The aid administrators realise that they need the assistance of people who do know something about the poor and are capable of interacting with them. So they hire specialists called anthropologists, who acquire the requisite knowledge and skill as trainees by living for a time among poor people (formally in order to gather material for their Ph.D. theses).

But some trainees “go native”. They come to sympathise with their temporary neighbours and feel the urge to talk about inconvenient realities that they have discovered. This annoys the administrators, who label them “idealists” and say they have “a negative attitude”. It would be quite unsuitable to appoint them to responsible positions in aid agencies.

An eye-opening book has just appeared, written by just such a chatterbox: Timothy T. Schwartz, Travesty in Haiti. No publisher would touch it, so he published it himself.

Charity for the rich
Very little aid ever reaches the poor, let alone the poorest of the poor. This is partly due to the practical difficulty that the poorest areas also have the poorest infrastructure (roads, storage facilities, etc.). But mainly it is because those who are supposed to distribute the aid sell most of it and pocket the proceeds.
In some cases, aid goes directly to the rich. Schwartz describes an “orphanage” run by an American reverend where the “orphans” have parents who could easily afford to provide for them. The place is really an elite boarding school. Meanwhile, naïve churchgoers back in the States, most of them ordinary working people, fork out to support the “poor orphans” they have “adopted”, send them gifts, and even pay for their college education. The poor in rich countries give charity to the rich in poor countries.

The more aid, the more misery
Schwartz’ most important finding is this. When the flow of food aid into Haiti increases, the overall result is that malnutrition becomes more widespread, not less. Why? The great majority of Haitians are small farmers, dependent on selling food to meet their non-food needs. Typically, natural disaster prompts the decision to send food aid, but by the time it arrives the emergency is over and the country may well be right in the middle of a bumper harvest. The effect is to drive prices down further, causing enormous misery throughout the rural areas.

It seems commonsense. If you see hungry people on TV, so you give money to buy and send them food. But capitalism has a perverse logic of its own that has nothing to do with commonsense. Reactions that ignore that logic are liable to do more harm than good.

Some experts and charities – notably, Oxfam – advocate aid in the form of cash transfers. Then food for distribution can be bought locally instead of imported, strengthening rather than undermining the local peasant economy. Local supply would also be quicker and easier to organise.

Nevertheless, most aid agencies, and especially those like CARE that are dependent on Western governments, keep on shipping in food. They even require their national affiliates to cover operating expenses by selling part of the food received locally (“monetised food”).

Expanding export markets
US overseas food aid began in 1954. Until recently it was openly justified as a foreign policy tool and means of promoting American business interests. In particular, it has expanded export markets for US agriculture. Dumping surpluses abroad has helped the US and the EU maintain prices and profits on their domestic markets.

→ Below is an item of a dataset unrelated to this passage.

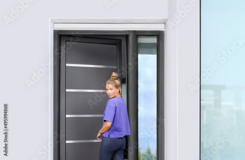 attractive, beautiful, building, bye, caucasian, cheerful, closing, coming, dating, design, door, door handle, entering, entrance, entry, family, female, front, girl, adieu, happy, home, house, homemaker, inviting, leaves, living, looking, meeting, modern, open, people, safety, smile, standing, summer, tanned, visit, waiting, welcome, white, wife, woman, wooden

According to the website of the US Agency for International Development, aid was used to transform Egypt from a food exporter in competition with the US into a net importer of food with a low-wage industrial sector. Since the 1980s Western governments and financial institutions pursued the same strategy in Haiti. The country was turned from an exporter into an importer of rice, sugar, and other crops, while 100,000 peasants abandoned the land to work for $2 a day in assembly plants, mostly US-owned, making T-shirts, jeans, and the like for the American market. This new industrial sector has now also largely collapsed, leaving Haiti to depend increasingly on the Columbian drugs trade.

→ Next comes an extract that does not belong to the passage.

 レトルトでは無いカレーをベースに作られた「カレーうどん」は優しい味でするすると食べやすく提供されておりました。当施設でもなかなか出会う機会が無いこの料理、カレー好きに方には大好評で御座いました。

A striking illustration of the commercial interests underlying aid is the fate of the Haitian pig. Farmers used to rely on a small black pig well adapted to conditions in rural Haiti. USAID had these pigs exterminated under the pretext of fighting a swine fever epidemic. The Haitian pig was replaced with a large white pig from Iowa that had to be fed large quantities of imported US corn.

Do they know?
Do the aid administrators understand what they are doing? It is clear from Schwartz that they understand very well. When he “reveals” his sensational findings, they do not argue that he is wrong. They just advise him that if he wants a job he should stop saying things that the US government does not want to hear. They know who they really serve.
Stefan.


In Material World February issue we didn’t mean to write that the poll showed that people with high incomes were more likely to be favourable to the word “socialism” than those with low but the opposite, so:
“Women are slightly more likely than men to prefer ‘socialism’; people with low incomes (under $40,000 per year) more than twice as likely as people with high incomes (over $75,000); and blacks almost twice as likely as whites, with equal proportions favouring ‘capitalism’ and ‘socialism’ (31 percent each).”

Capitalism and Michael Moore (2010)

Film Review from the March 2010 issue of the Socialist Standard

Like Michael Moore’s other films, Capitalism: A Love Story is brilliant in its way, hard-hitting and funny. He strips away the lies and hypocrisy of “public relations” propaganda to expose the ruthless predators who dominate our society and profit from the misery of working people.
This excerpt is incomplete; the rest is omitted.